EXERCISE INPUTS: Begin

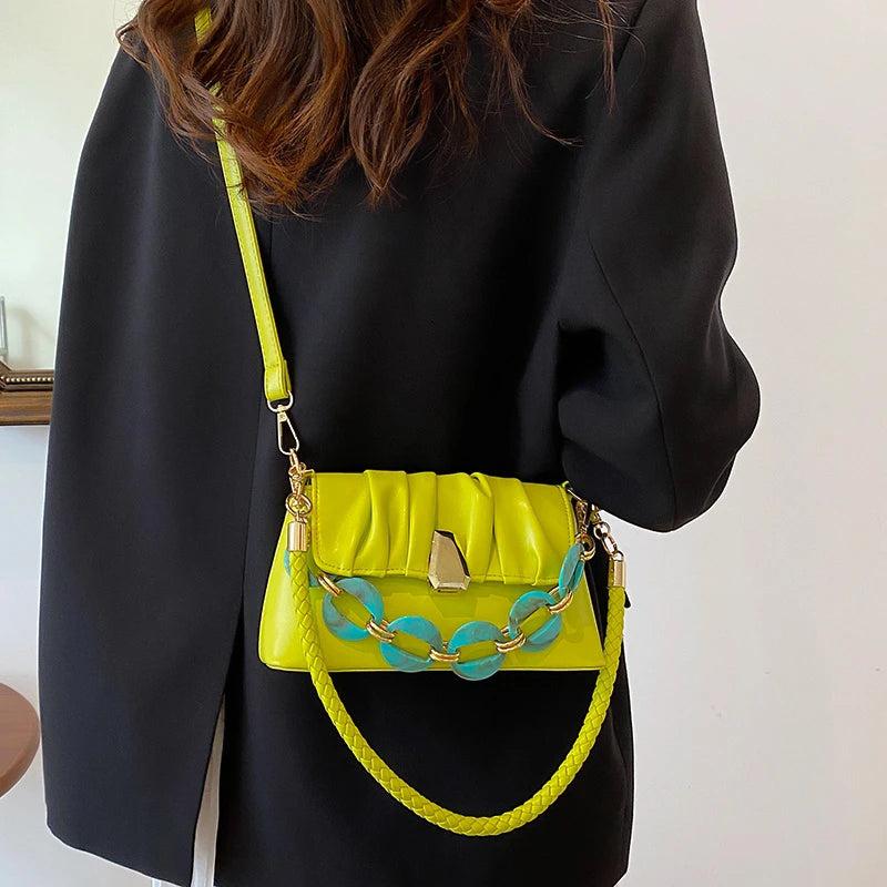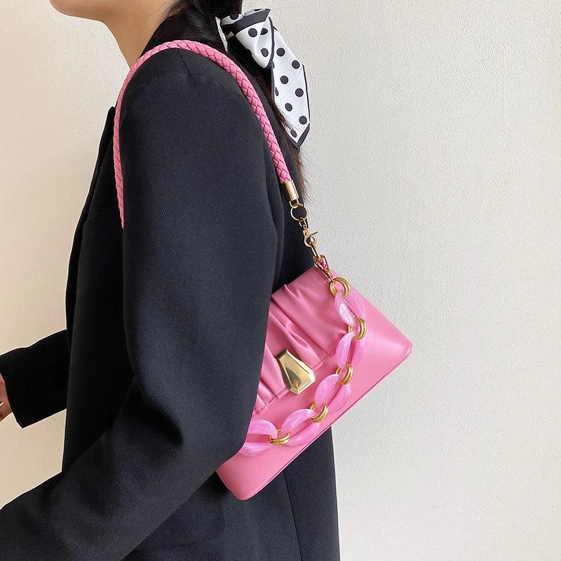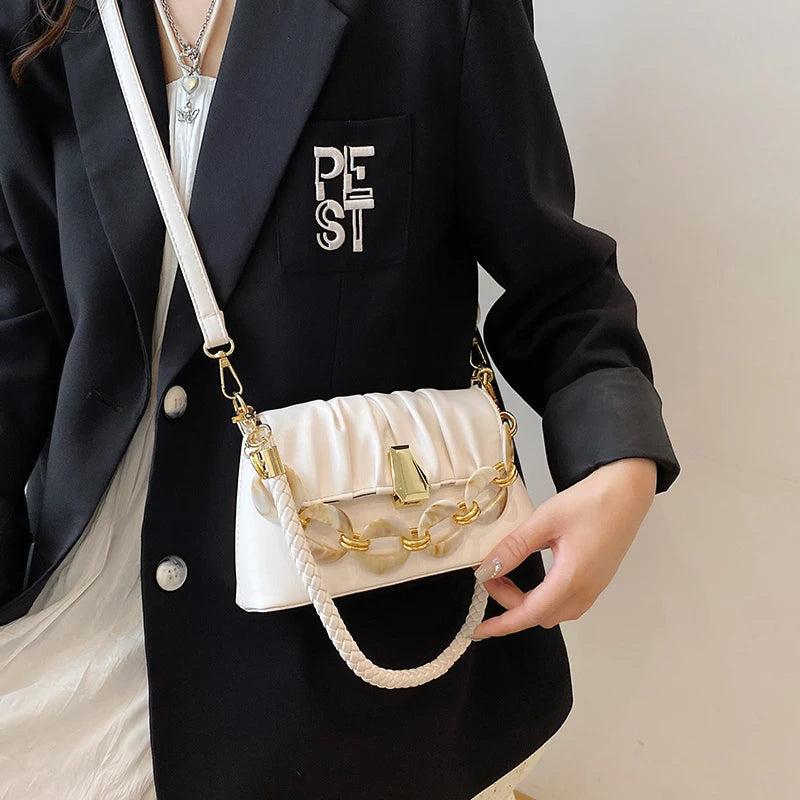 Elegant and stylish leather shoulder bag with beading chain design. Perfect for carrying your essentials with a flap closure. Great for both casual and formal occasions.
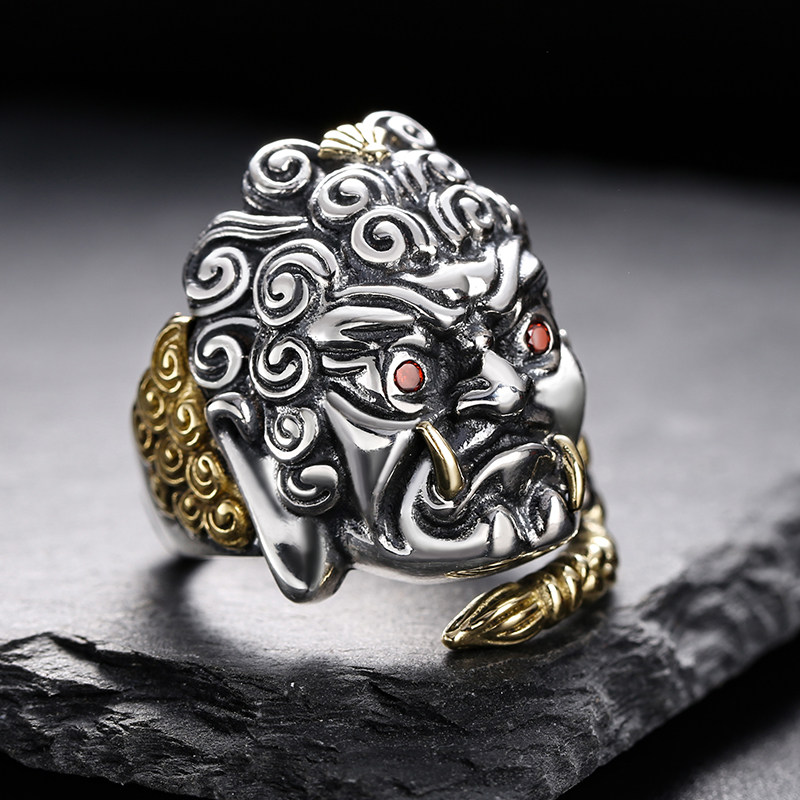 佛魔一念之间纯银戒指男士霸气潮男个性大号不动明王开口男款潮人
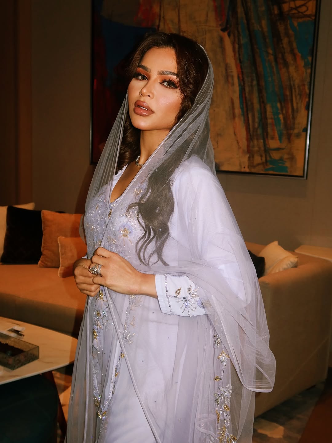 تميّزت القطعة العلوية بعباءة من الشيفون الشفاف، زينت بتطريزات يدوية دقيقة على شكل زهور برية ملونة، إلى جانب خيوط ذهبية وفضية توزعت على منطقة الصدر والأكمام والأطراف. وأضاف الوشاح المنسدل على الرأس بأسلوب التول لمسة تراثية بروح عصرية، فيما أكملت نهى إطلالتها بمجوهرات ماسية ناعمة وعقد تشوكر رقيق.
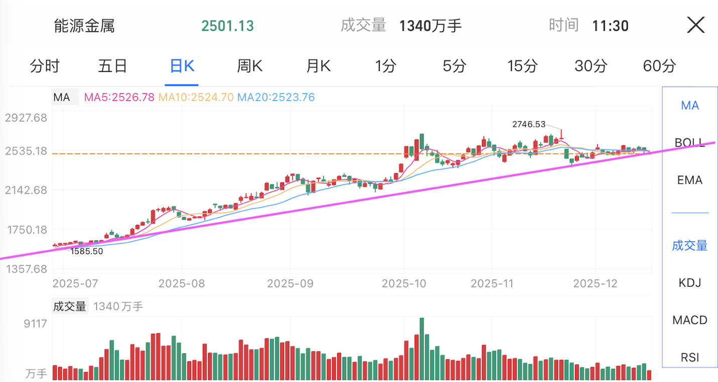 能源金属:中长期一直处于震荡上行态势,但近期回调至前期低点支撑位后开始窄幅震荡,显示出该支撑位具备一定的韧性。然而,如果成交量未能有效放大配合反弹,一旦跌破此支撑位,那么将继续下行,寻求更低支撑。
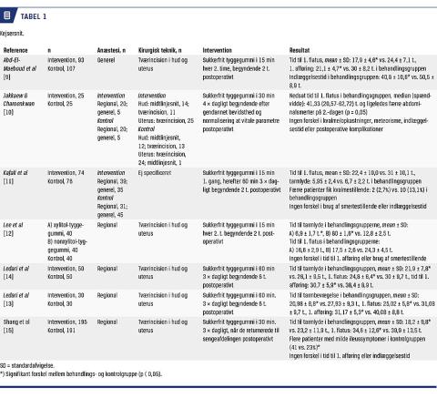 tiv optimering af disse patienters behandling. Vi har udelukkende medtaget randomiserede, kontrollerede studier, der omfatter kejsersnit samt laparoskopisk og åben gynækologisk kirurgi med tyggegummitygning postoperativt som intervention.

EXERCISE INPUTS: End

TASK BRIEF — The job is to set down the whole listing exactly, excluding any images.

ANSWER TO THIS EXERCISE —
 Elegant and stylish leather shoulder bag with beading chain design. Perfect for carrying your essentials with a flap closure. Great for both casual and formal occasions.
 佛魔一念之间纯银戒指男士霸气潮男个性大号不动明王开口男款潮人
 تميّزت القطعة العلوية بعباءة من الشيفون الشفاف، زينت بتطريزات يدوية دقيقة على شكل زهور برية ملونة، إلى جانب خيوط ذهبية وفضية توزعت على منطقة الصدر والأكمام والأطراف. وأضاف الوشاح المنسدل على الرأس بأسلوب التول لمسة تراثية بروح عصرية، فيما أكملت نهى إطلالتها بمجوهرات ماسية ناعمة وعقد تشوكر رقيق.
 能源金属:中长期一直处于震荡上行态势,但近期回调至前期低点支撑位后开始窄幅震荡,显示出该支撑位具备一定的韧性。然而,如果成交量未能有效放大配合反弹,一旦跌破此支撑位,那么将继续下行,寻求更低支撑。
 tiv optimering af disse patienters behandling. Vi har udelukkende medtaget randomiserede, kontrollerede studier, der omfatter kejsersnit samt laparoskopisk og åben gynækologisk kirurgi med tyggegummitygning postoperativt som intervention.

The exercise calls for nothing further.